• **MATERIAL PROVIDED**
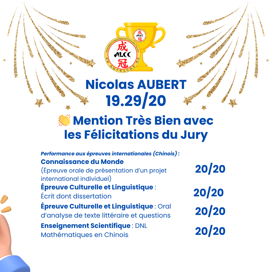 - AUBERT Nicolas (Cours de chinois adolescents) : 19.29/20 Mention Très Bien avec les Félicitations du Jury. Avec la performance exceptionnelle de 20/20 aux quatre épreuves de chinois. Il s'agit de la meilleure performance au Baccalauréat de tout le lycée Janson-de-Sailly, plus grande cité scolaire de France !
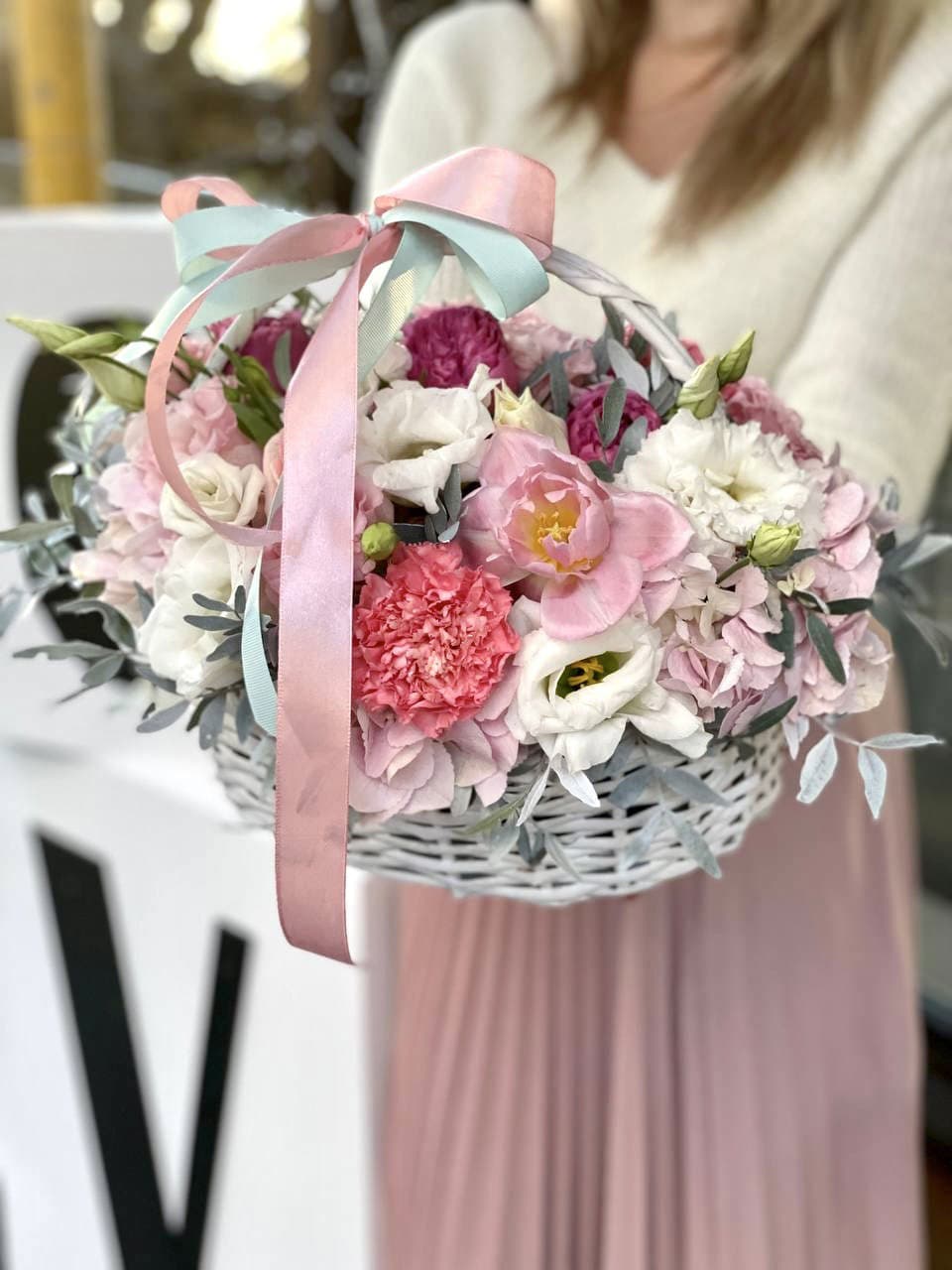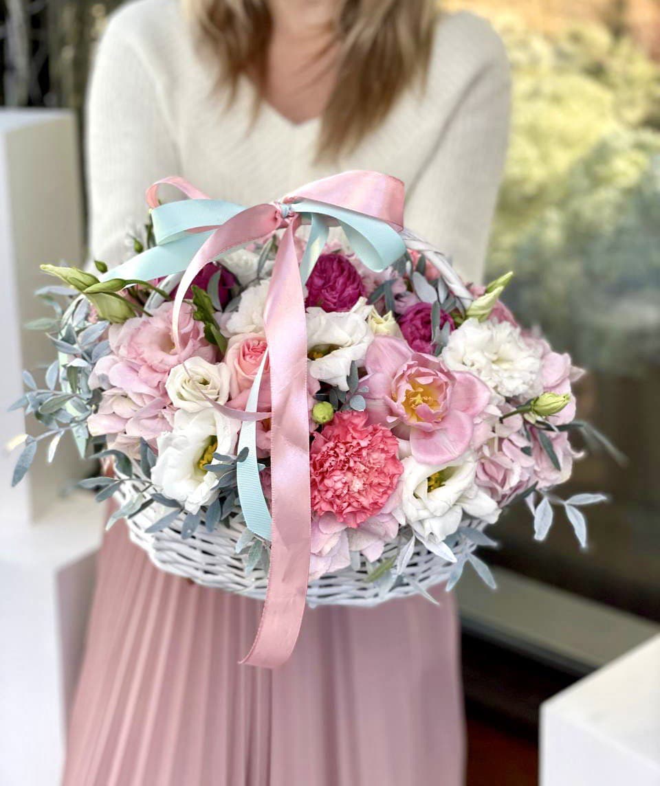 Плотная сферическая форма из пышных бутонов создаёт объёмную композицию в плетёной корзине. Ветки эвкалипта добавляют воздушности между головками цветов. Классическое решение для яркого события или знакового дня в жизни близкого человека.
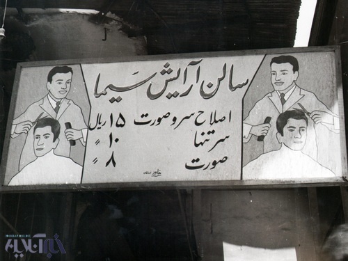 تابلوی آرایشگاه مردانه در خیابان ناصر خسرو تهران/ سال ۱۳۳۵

• **ABOUT THIS TASK**
Reproduce the lines above letter for letter. The pictures stay behind.

• **ANSWER**
 - AUBERT Nicolas (Cours de chinois adolescents) : 19.29/20 Mention Très Bien avec les Félicitations du Jury. Avec la performance exceptionnelle de 20/20 aux quatre épreuves de chinois. Il s'agit de la meilleure performance au Baccalauréat de tout le lycée Janson-de-Sailly, plus grande cité scolaire de France !
 Плотная сферическая форма из пышных бутонов создаёт объёмную композицию в плетёной корзине. Ветки эвкалипта добавляют воздушности между головками цветов. Классическое решение для яркого события или знакового дня в жизни близкого человека.
 تابلوی آرایشگاه مردانه در خیابان ناصر خسرو تهران/ سال ۱۳۳۵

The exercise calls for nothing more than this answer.